Continuity Insert? N
My Reprint: N/A
Inbound References (2): showBen Urich, Eduardo Lobo, Glory Grant, Harriet Rose Palermo, Harry Osborn, J. Jonah Jameson, Jason Macendale, Joy Mercado, Kristy Watson, Liz Allan, Martha (Aunt May's Boarder), Mary Jane Watson, Nate Lubenski, Normie Osborn, Sophie (Aunt May's Boarder), Spider-Man, Victor Palermo
The first image is repeated midway through the page.
Posted by: Luis Dantas | August 25, 2014 7:24 PM
Thanks, Luis. Fixed.
Posted by: fnord12 | August 25, 2014 7:27 PM
Conway was, I believe, behind an infamous Firestorm annual that was just prose with illustrations. Come to think of it, a couple of Spidey annuals around '87 were just illustrated text as well, like bad Handbooks. Was that also Conway? (I must be thinking of the Web Annual circa '87.)
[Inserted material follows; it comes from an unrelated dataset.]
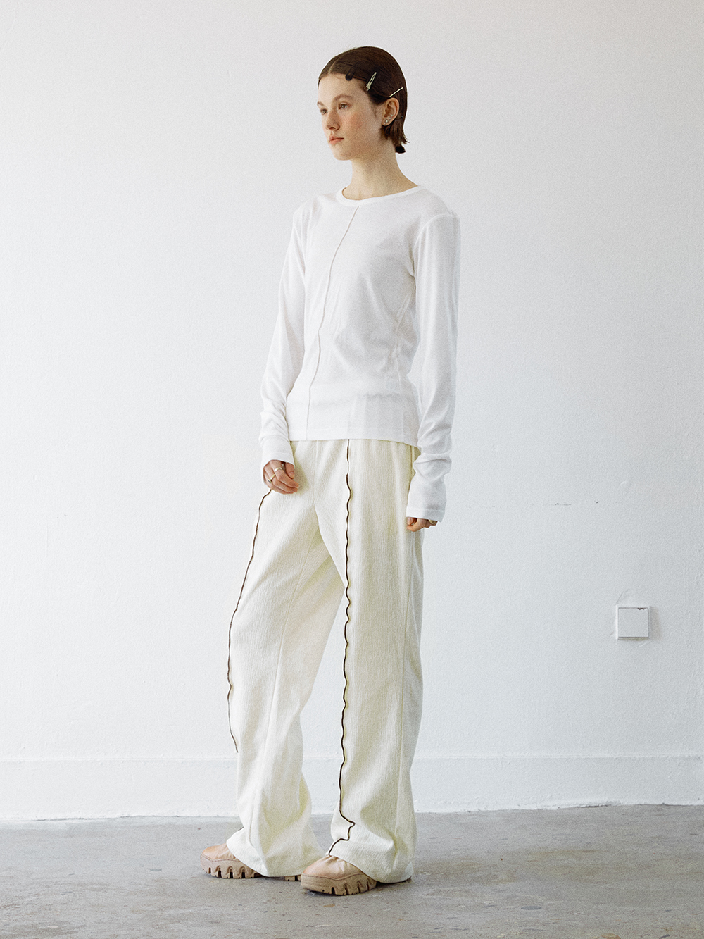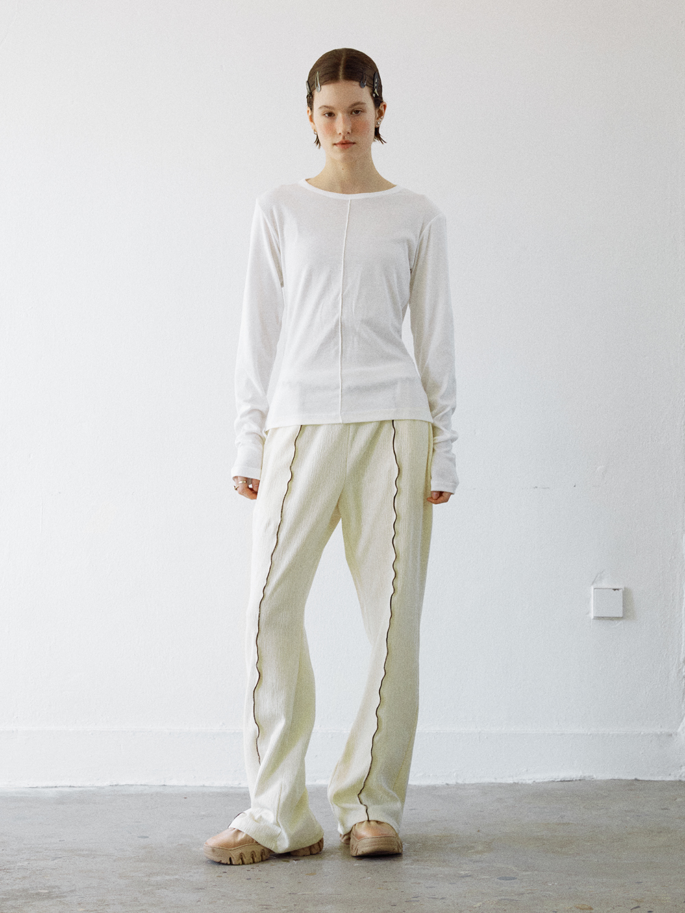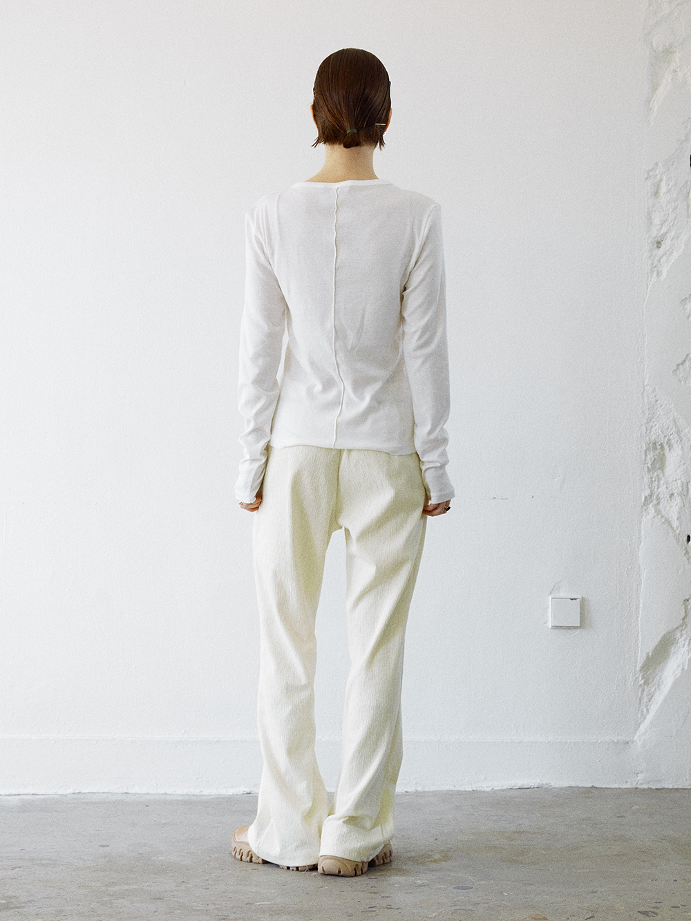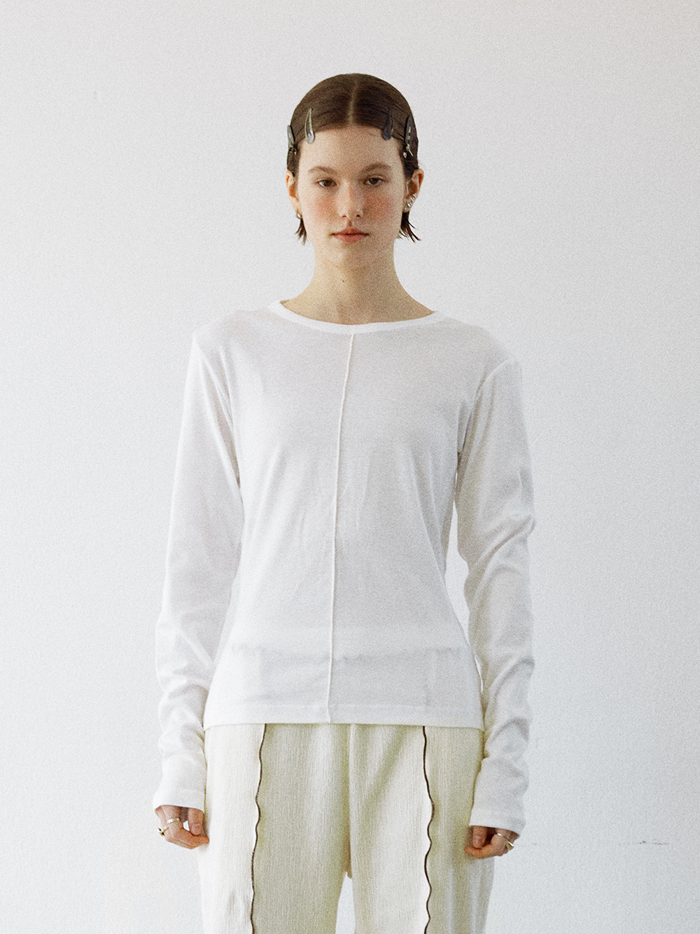 2024 SPRING COLLECTION - COTTON, MODAL 혼방의 롱 슬리브 티셔츠 - 전,후면의 스티치 트리밍 디테일 - MODAL 특유의 부드러운 터치감 - Made in korea +COLOR BLUE, OFF WHITE, NAVY +CARE Dry cleaning , 단독 찬물세탁 권장 +MODEL SIZE 172cm / 49kg Model(Female) wears size Free

Posted by: Walter Lawson | August 25, 2014 7:52 PM
So then Aunt May and Uncle Ben go to relax (or to see any traces of their daughter Linda ;p) and Peter is playing with giant enemy crabs? O...K...
Posted by: Ataru320 | August 25, 2014 8:13 PM
The text in 1987's all-pinup Web of Spider-Man annual #3 was by Danny Fingeroth and Roger Stern.
Posted by: fnord12 | August 26, 2014 11:54 AM
Thanks, Fnord. Here's a link to the Conway Firestorm annual, as reviewed in Nobidy's Favorites, http://www.armagideon-time.com/?p=9514
Posted by: Walter Lawson | August 27, 2014 10:01 PM
I guess it's kind of like Doctor Strange: Into Shamballa but while i didn't love that for similar reasons, at least the art was equally experimental and it fit a certain mood. That Firestorm annual really does look like a children's picture book.